The period a report could cover has not changed and must still be configurable, spanning anything from minutes to years.

Tools that can cope

The speed of storage and retrieval of high data volumes is a major issue. Traditional SQL databases do not lend themselves to ultra-fast read/ write, so users are looking elsewhere.

The breed of tools known as ‘noSQL’ (e.g. mongoDB) is built to deliver in this environment. These maintain many of the familiar SQL features, and facilitate speed by adding some unique functionality, e.g. the ability to process many transactions simultaneously via contention-free, non-locking updates; fast handling of unstructured data in a file system rather than a database.

But capture of big data is only one side of the coin.

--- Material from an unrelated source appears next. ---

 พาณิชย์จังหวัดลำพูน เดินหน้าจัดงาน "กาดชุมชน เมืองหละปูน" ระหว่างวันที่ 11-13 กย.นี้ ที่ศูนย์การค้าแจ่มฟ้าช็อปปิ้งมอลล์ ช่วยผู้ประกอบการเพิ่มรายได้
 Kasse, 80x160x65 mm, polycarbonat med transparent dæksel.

The other is that the data is practically useless unless it can be ordered, analysed and processed. Only then can comparisons be made, patterns emerge and big data become business data.

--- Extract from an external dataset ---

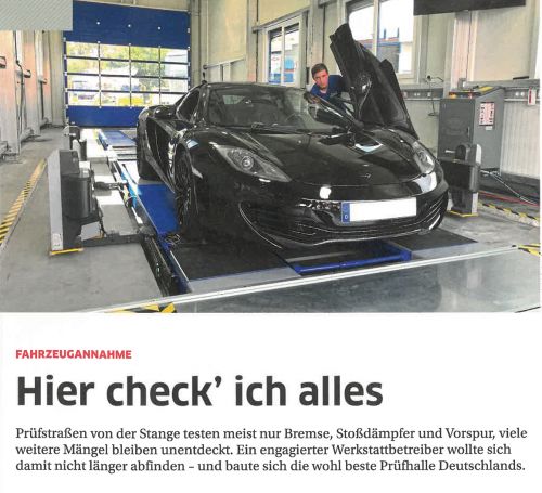 Hier ist die selbstentwickelte und gebaute Mess- und Prüfstraße ein absolutes Highlight und Alleinstellungsmerkmal, das der Betrieb zur Fahrzeugannahme nutzt. Hier wird jedes Kundenfahrzeug binnen 15 Minuten und mit technischer Unterstützung auf Herz und Nieren überprüft. Hintereinander erfassen dann ein Reifenscanner, ein Bremsenprüfstand, der Stoßdämpfertester, eine berührungslose Vermessung, der Scheinwerfereinstellplatz und der Kalibierplatz für Fahrerassistenzsystem sowie ein Abgastester den Zustand des Fahrzeugs, damit möglichst kein Mangel unentdeckt bleibt.

In order to start making sense of the data explosion, the right tools are needed and are coming on stream. In order to aid the speed at which meaningful results can be produced, many of these employ several methods of data aggregation.

  1. Real-time aggregation
    With this method, real-time data is used to update counts of events – e.g. live connects, abandoned calls, etc – and other calculated metrics – e.g. average talk time. Running totals can then be used in reports without any need for further processing, database interaction, etc., producing results much faster than otherwise possible. This method also reduces the need for the more time-consuming periodic aggregations below.
  2. Periodic aggregation (MapReduce)
    Periodic aggregation (a.k.a. MapReduce) is commonly available off the shelf within noSQL systems. Using this method, the work of aggregation is carried out simultaneously by many processors, maybe within the same server, maybe in a widely distributed cluster. The results are then fed back to a master process which presents the results as output to a reporting system or writes to a database. As this method is more processor intensive, it cannot be done in real-time with big data.

Using a combination of real-time and periodic processes, various levels of aggregation are possible, depending on the view of the data required, e.g. an hourly report, weekly, monthly, or even yearly. As resolution zooms out, the level of detail required reduces and a higher level of aggregation is possible. As the metrics are already available, fast load time is maintained. Of course, no two users have the same requirements, so the levels of aggregation must be customisable.

But care must be taken in order to maintain accuracy when the user needs it. Aggregation must occur alongside the capture of individual interaction events, so that data is not lost and then has to be approximated.

Maybe you have not had to make any decisions about a ‘big data’ strategy yet; the fire hose may be safely trickling right now. But we suspect that any call center of 100+ agent seats will have to deal with this pretty soon. When the time comes, make sure you choose technology that is flexible enough to cope with future demand, so you will be waving, not drowning, when the fire hose is opened up.